In its final assignment of error, Hartford contends that the trial court erred awarding all costs of this proceeding against Hartford.3 We disagree.

Louisiana Code of Civil Procedure article 1920 provides that costs shall be paid by the party cast and that the court may render judgment for costs, or any part thereof, as it may consider equitable. Louisiana Code of Civil Procedure article 4659 provides for assessment of costs in a concursus proceeding. It contains specific rules regarding proceedings in which money had been deposited into the [ 17court, but provides that in other instances, the court may render judgment for costs it considers equitable. La. C.C.P. art. 4659. Because this proceeding did not involve a deposit of money into the registry of the court, the court was free to assess costs in any equitable manner.

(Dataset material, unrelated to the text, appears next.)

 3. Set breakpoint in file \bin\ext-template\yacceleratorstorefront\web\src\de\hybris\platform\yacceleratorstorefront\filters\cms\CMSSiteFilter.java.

*235A trial court’s assessment of costs will not be reversed on appeal in the absence of an abuse of discretion. Allen v. Baton Rouge General Medical Center/General Health System, 2009-1110, p. 6 (La.App. 1st Cir.12/23/09), 30 So.3d 127, 131, writ denied, 2010-0195 (La.4/5/10), 31 So.3d 368. In this case, the concursus was instituted by Glencoe to obtain a release of liability to subcontractors and the suppliers on the project by relying on the payment bond issued by Hartford. Those who had filed claims against Glencoe were cited to appear and assert those claims against the payment bond. The trial court ultimately determined that Hartford was liable to pay those claimants who asserted their claims in the concursus proceeding. Under these circumstances, we find no abuse of the trial court’s great discretion in assessing all costs of the concursus proceeding to Hartford.

CONCLUSION

Based on the foregoing, the judgment appealed from is affirmed. All costs of this appeal are assessed to appellants, Lamar Contractors, Inc. and Hartford Casualty Insurance Company.

AFFIRMED.

. But see Wellington Power Corporation v. CNA Surety Corporation, 217 W.Va. 33, 614 S.E.2d 680 (2005), the court permitted the surety to assert a "pay when paid” clause in a subcontract to avoid liability, reasoning that the public policy behind freedom to contract outweighed the public policy of securing payment for work performed by laborers underlying that state’s public bond statutes.

. There has been no claim by Hartford that the subcontractor’s work was deficient in any way, nor does it claim in this appeal that the amounts of their claims are erroneous.

. Brown and Mayeux’s do not address this argument in their briefs.